Unincorporated community in Virginia, United States

Moneta (/məniːtə/ or /moʊniːtə/) is a census-designated place (CDP) in southern Bedford County, Virginia, United States. The community is located along Route 122 between the towns of Bedford and Rocky Mount. It is part of the Lynchburg Metropolitan Statistical Area. As of the 2020 census, Moneta had a population of 450.
==History==
Olive Branch Missionary Baptist Church and the Holland-Duncan House are listed on the National Register of Historic Places.

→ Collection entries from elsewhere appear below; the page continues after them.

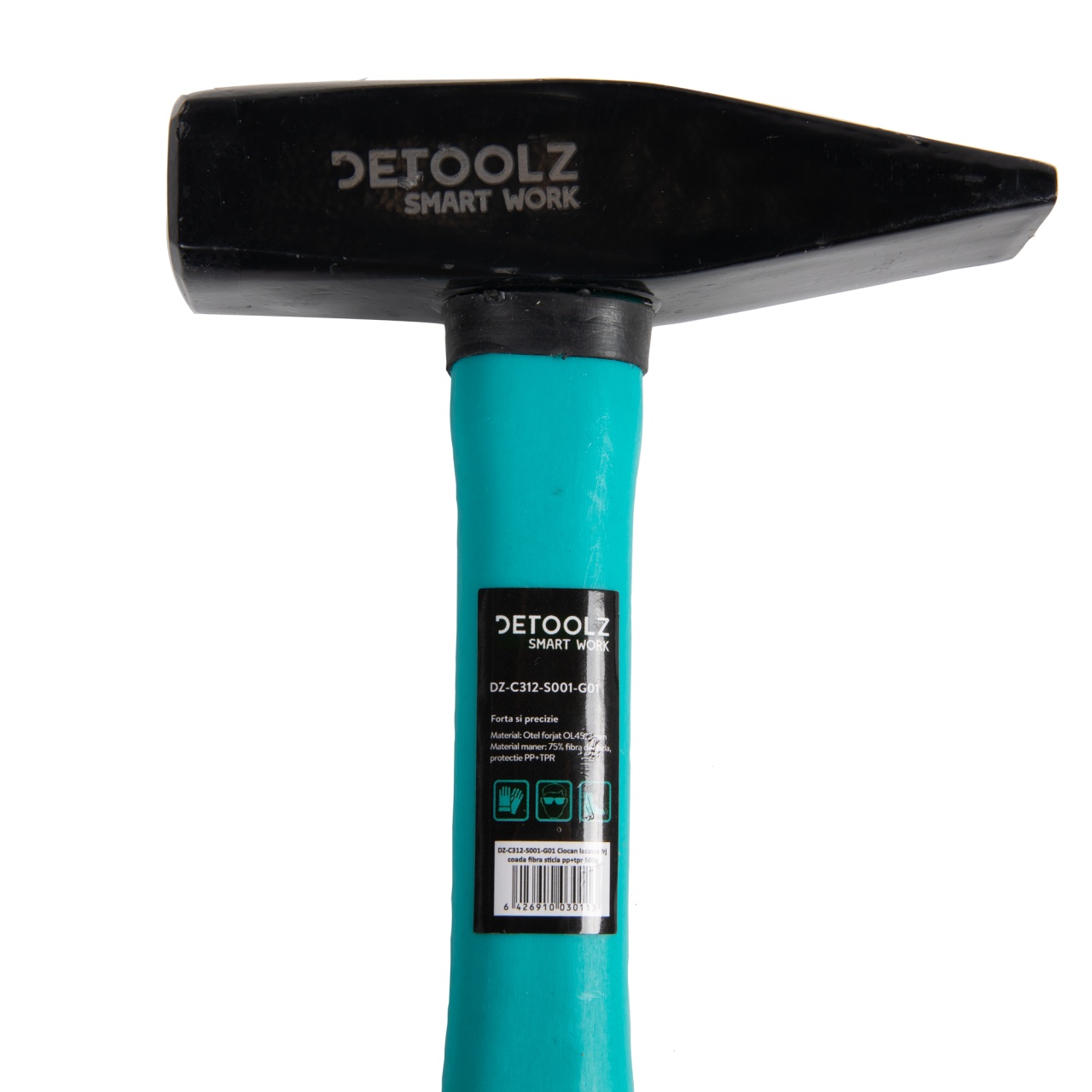Ciocan lăcătuș forjat 500g cu coadă din fibră de sticlă, Detoolz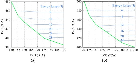Figure 14 shows the energy losses of Period I and Period II with a different IVO and IVC. In the area below the green line, the large amount of exhaust gas remaining in the intake manifold leads to an insufficient fresh air charge of the active cycle, so there are no data in this area for Figure 14 and the following figures. This will be explained in Section 4.3.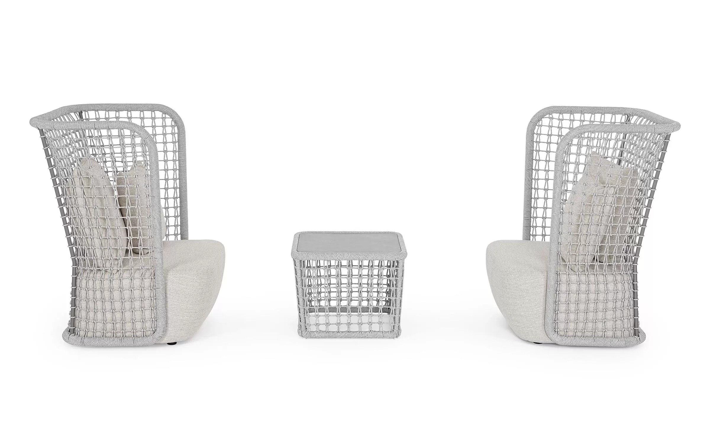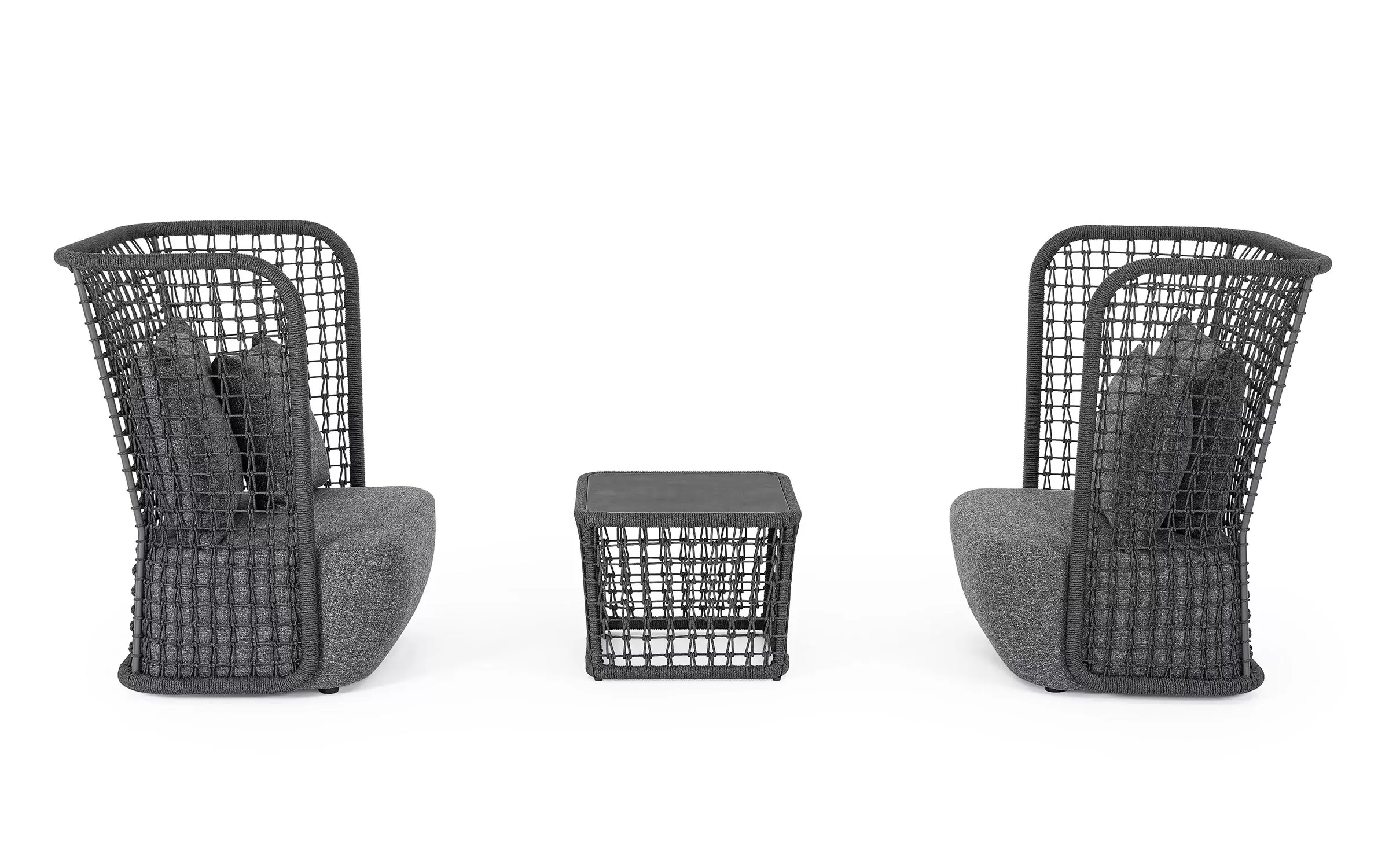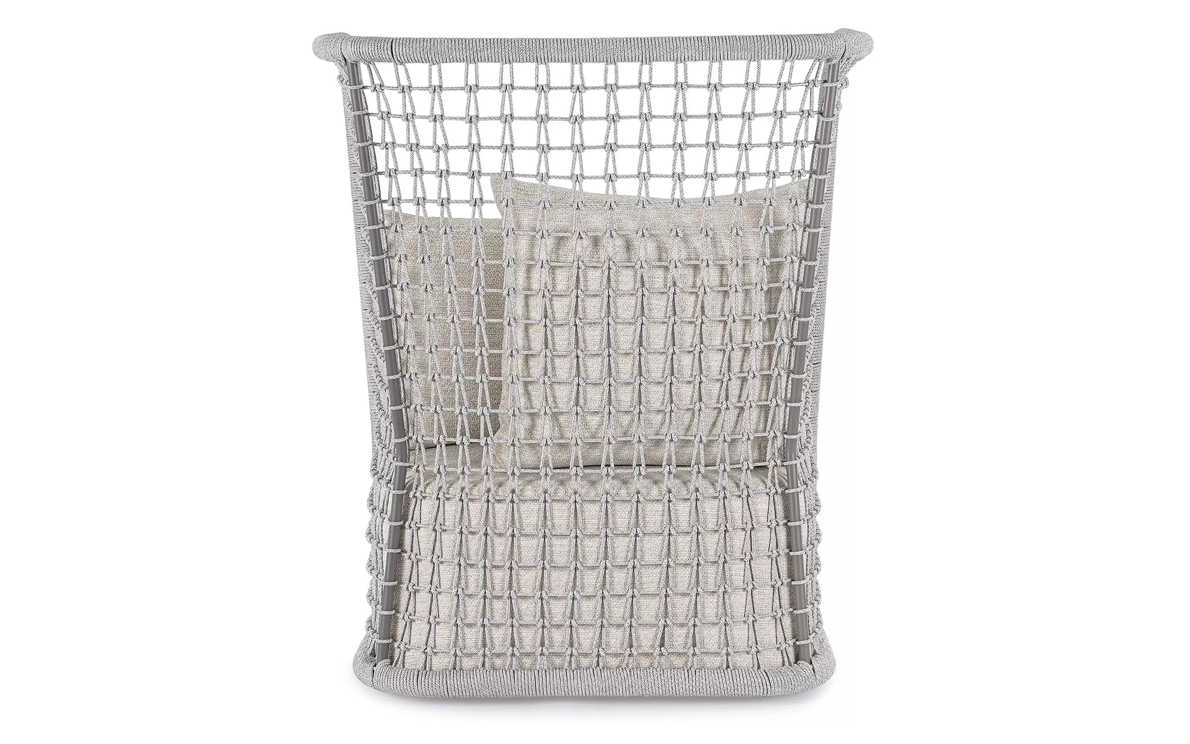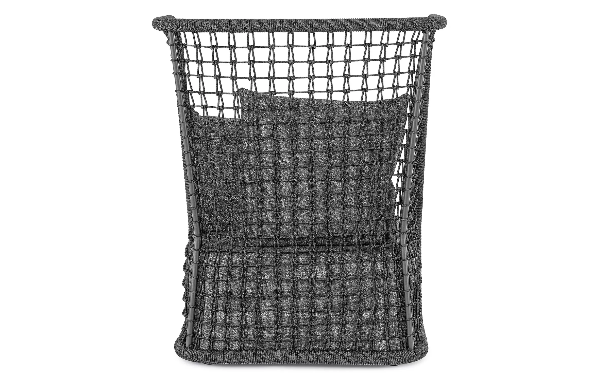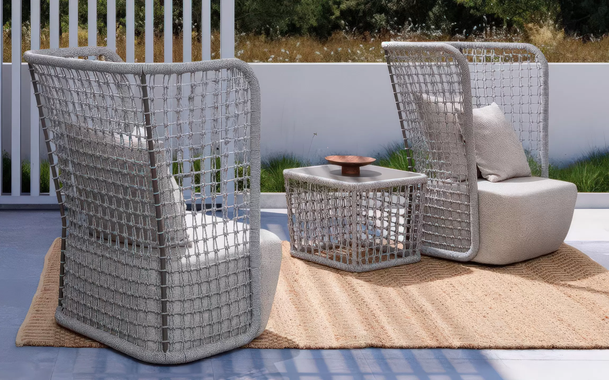 Wysoki fotel ogrodowy z bardzo gruba poduszką siedziska i jaśkami na oparciu. Niespotykany styl wyznacza wysokie oparcie z plecionką z liny polipropylenowej.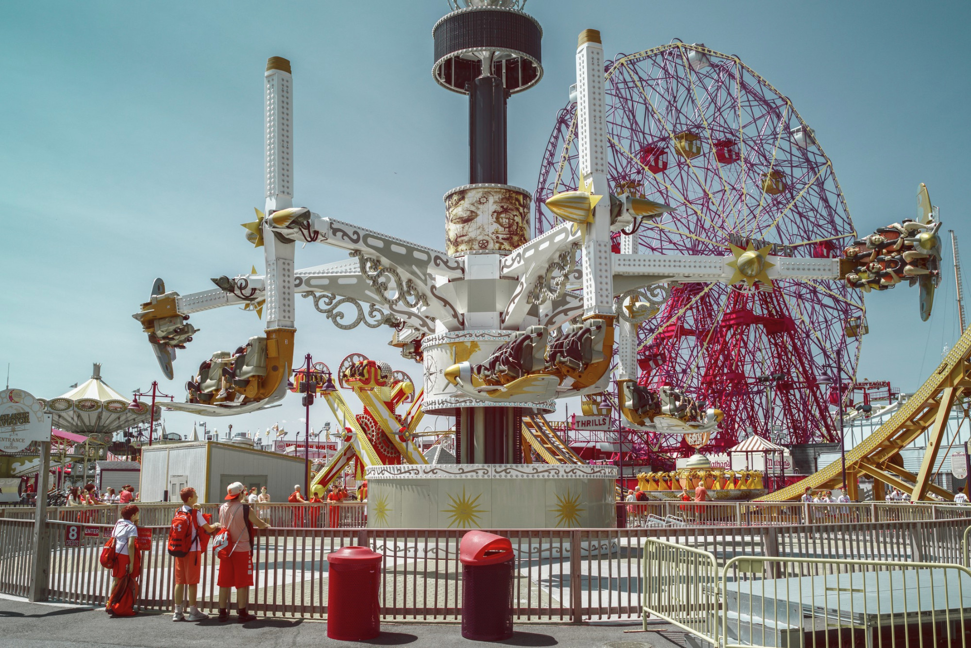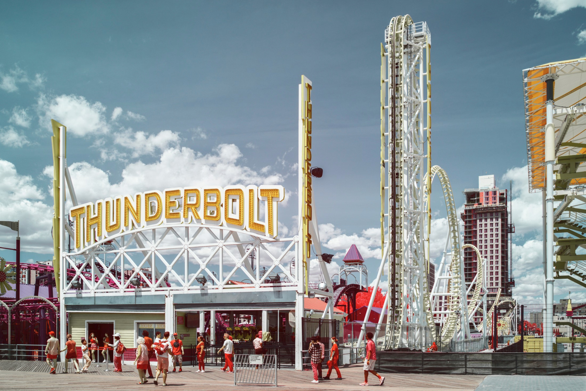 Posté(e) 28 août 20232 a comment_102048 Bonjour à tous, Ayant passé deux semaines à New York, j'ai passé une journée complète à Coney Island. Je ne savais pas à quoi m'attendre, ayant déjà vu plusieurs séries sur ces parcs d'attractions. Au final, cette journée fut tout simplement magique : Coney Island est bien plus qu’une attraction touristique, c’est un mélange de gens à la recherche d’une bulle de déconnexion. Niveau photo, j'étais parti léger, ici avec deux focales fixes : un 35mm et un 100mm. Le rendu des couleurs est dû à l'utilisation d'un appareil converti pour la technique infrarouge, et simulant le rendu Aerochrome de la pellicule Kodak.

On August 26, 2015, the community made news when journalists Alison Parker and Adam Ward were murdered on live television by former colleague Vester Flanagan at a nearby shopping center and marina.

==Geography==
According to the United States Census Bureau, the CDP has a total area of 3.846 square miles (9.96 km²).

==Demographics==

Moneta first appeared as a census designated place in the 2020 U.S. census.

Historical population
| Census | Pop. | Note | %± |
| 2020 | 450 |  | — |
Source: U.S. Census Bureau

===2020 census===
The community was delineated by the United States Census Bureau for the first time during the 2020 census.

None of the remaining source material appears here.